- _Dataset excerpt_
******
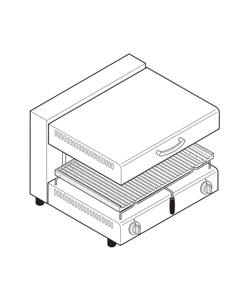 La salamandra è un'apparecchiatura versatile che permette di gratinare, di mantenere in temperatura piatti pronti da servire, rifinire piatti al forno come lasagne e sformati, grigliare e rifinire carni come hamburger, bistecche, würstel, cotolette.
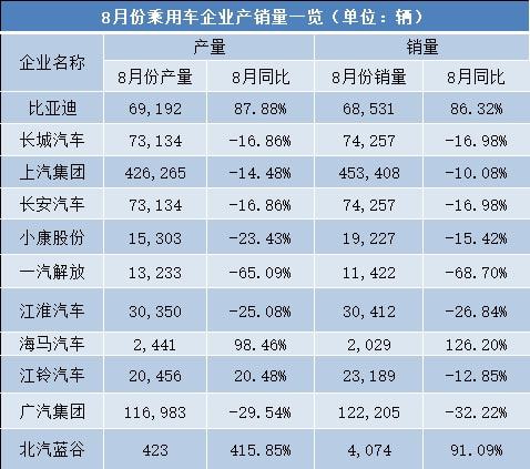 - A股上市乘用車企前8個月產銷量出爐 比亞迪
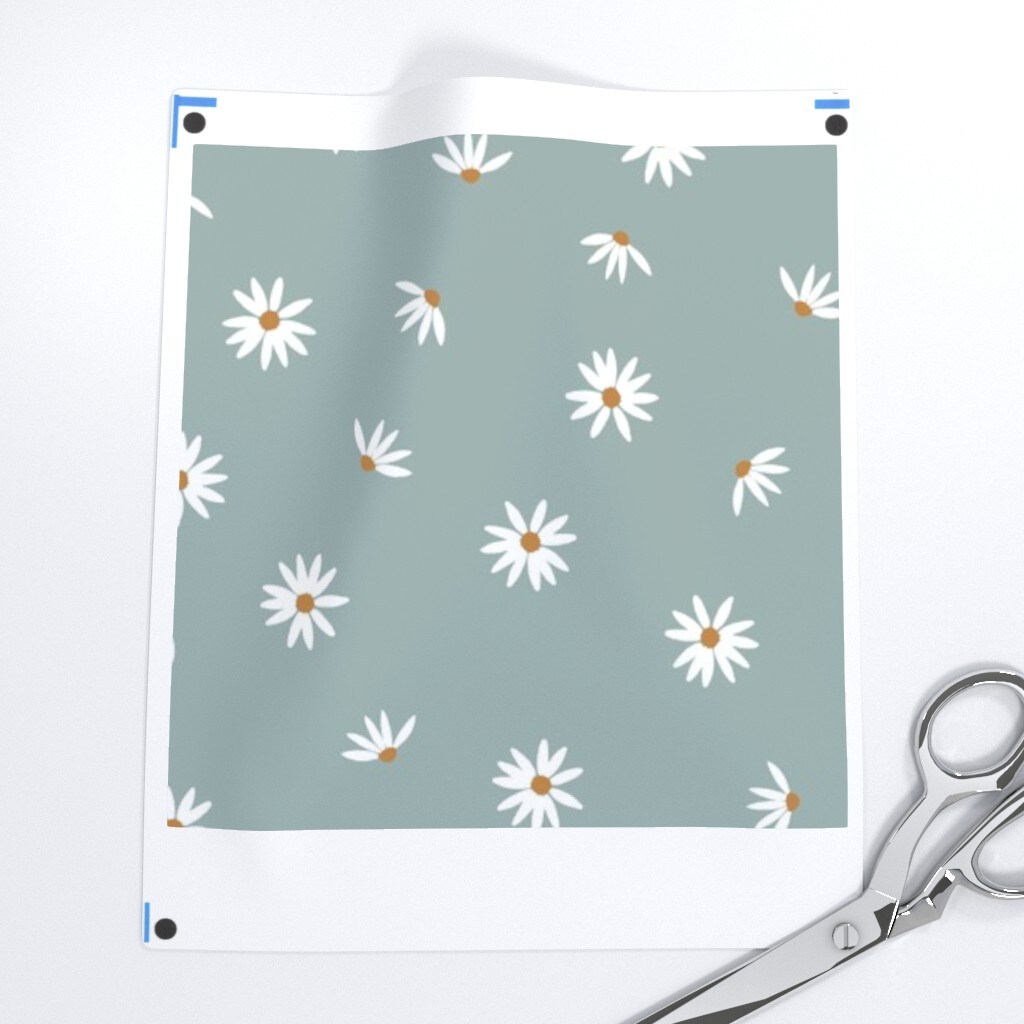 Dusty Blue Floral Ditsy Coneflower White Flowers Small Scale Boho Kids Whimsical Meadow Custom Pre-pasted Wallpaper by Spoonflower Pre-Pasted Wallpaper 2FT Wide
******
- _Try it_
An exact copy of every line above is needed, without the images.

- _Answer space_
 La salamandra è un'apparecchiatura versatile che permette di gratinare, di mantenere in temperatura piatti pronti da servire, rifinire piatti al forno come lasagne e sformati, grigliare e rifinire carni come hamburger, bistecche, würstel, cotolette.
 - A股上市乘用車企前8個月產銷量出爐 比亞迪
 Dusty Blue Floral Ditsy Coneflower White Flowers Small Scale Boho Kids Whimsical Meadow Custom Pre-pasted Wallpaper by Spoonflower Pre-Pasted Wallpaper 2FT Wide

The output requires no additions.